Predicting Protein-Binding Nucleotides with Consideration of a Binding Partner of RNA (#216)
Background
In recent years several computational methods have been developed to predict RNA-binding sites in protein. Most of these methods do not consider interacting partners of a protein, so they predict the same RNA-binding sites for a given protein sequence even if the protein binds to different RNAs. In contrast to the problem of predicting RNA-binding sites in protein, the problem of predicting protein-binding sites in RNA has received much less attention.
Results
In this study we identified effective features of RNA and protein molecules and developed a support vector machine (SVM) model to predict protein-binding nucleotides from RNA and protein sequence data. The model that used both protein and RNA sequence data achieved an accuracy of 86.3% and Matthews correlation coefficient (MCC) of 0.69 in a 10-fold cross validation; it achieved an accuracy of 79.2% and MCC of 0.48 in independent testing. For comparative purpose, we built another SVM model that uses RNA sequence alone.

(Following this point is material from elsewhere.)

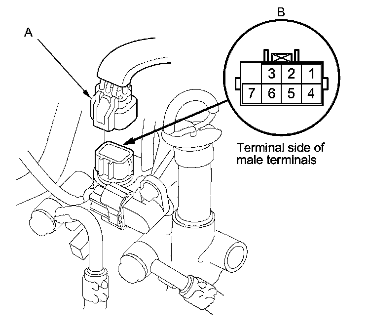3. Measure the inhibitor solenoid resistance between solenoid wire harness 7P connector (B) terminal No. 7 and body ground.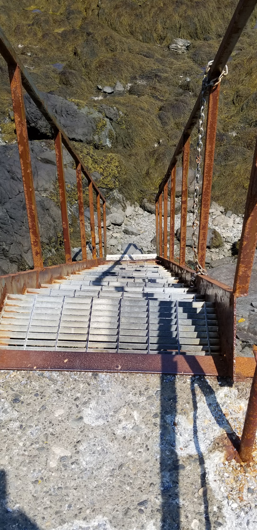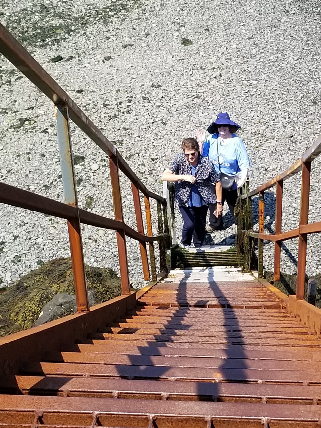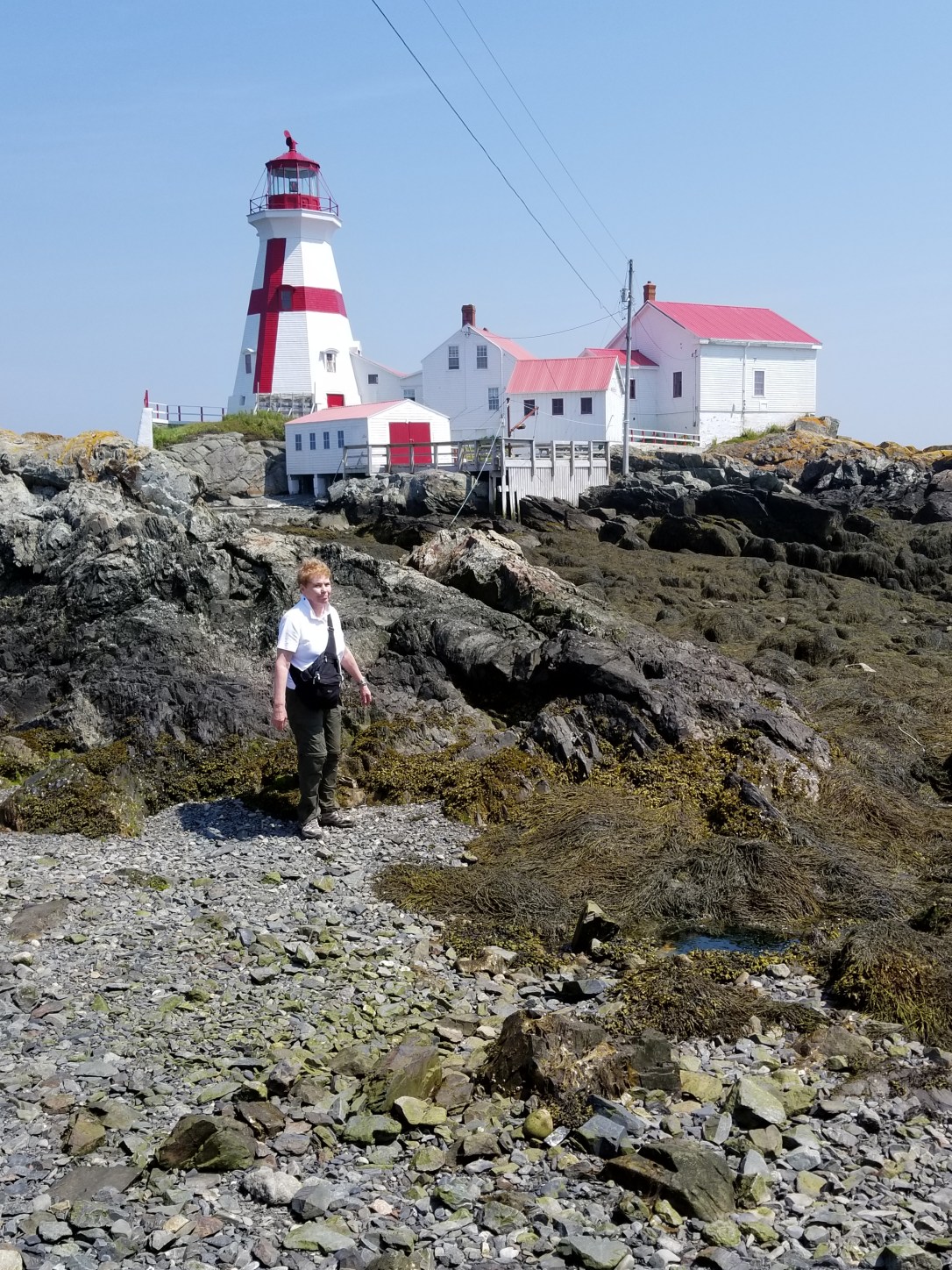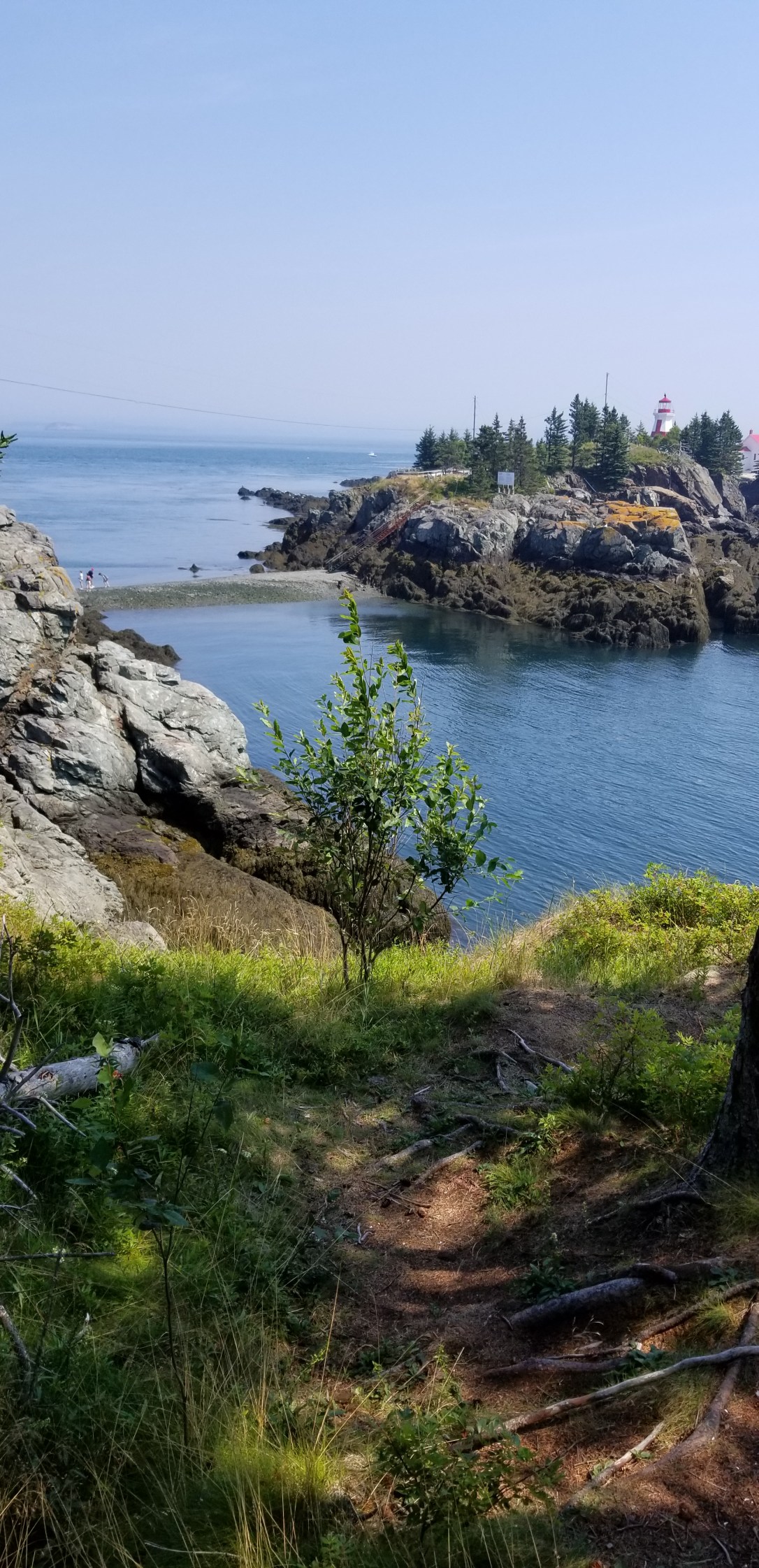Down 20 steps, cross rocky-seaweed sandbar, up 40+ steps, cross bridge, down 20+ steps, hicked to the lighthouse..whew..but oh so worth the trek

The model that used RNA sequence data alone achieved an accuracy of 82.2% and MCC of 0.63 in a 10 fold-cross validation; it achieved an accuracy of 75.5% and MCC of 0.45 in independent testing.
Conclusions
Both in cross-validations and independent testing, the model that used both RNA and protein sequences showed a better performance than the model that used RNA sequence data alone. Unlike previous computational approaches that predict the RNA- or DNA-binding residues in a protein sequence without considering the binding partners of the target protein, our prediction model predicts different binding sites for a given RNA sequence when its binding partner is changed. To the best of our knowledge, this is the first sequence-based prediction of protein-binding nucleotides, which considers the binding partner of RNA.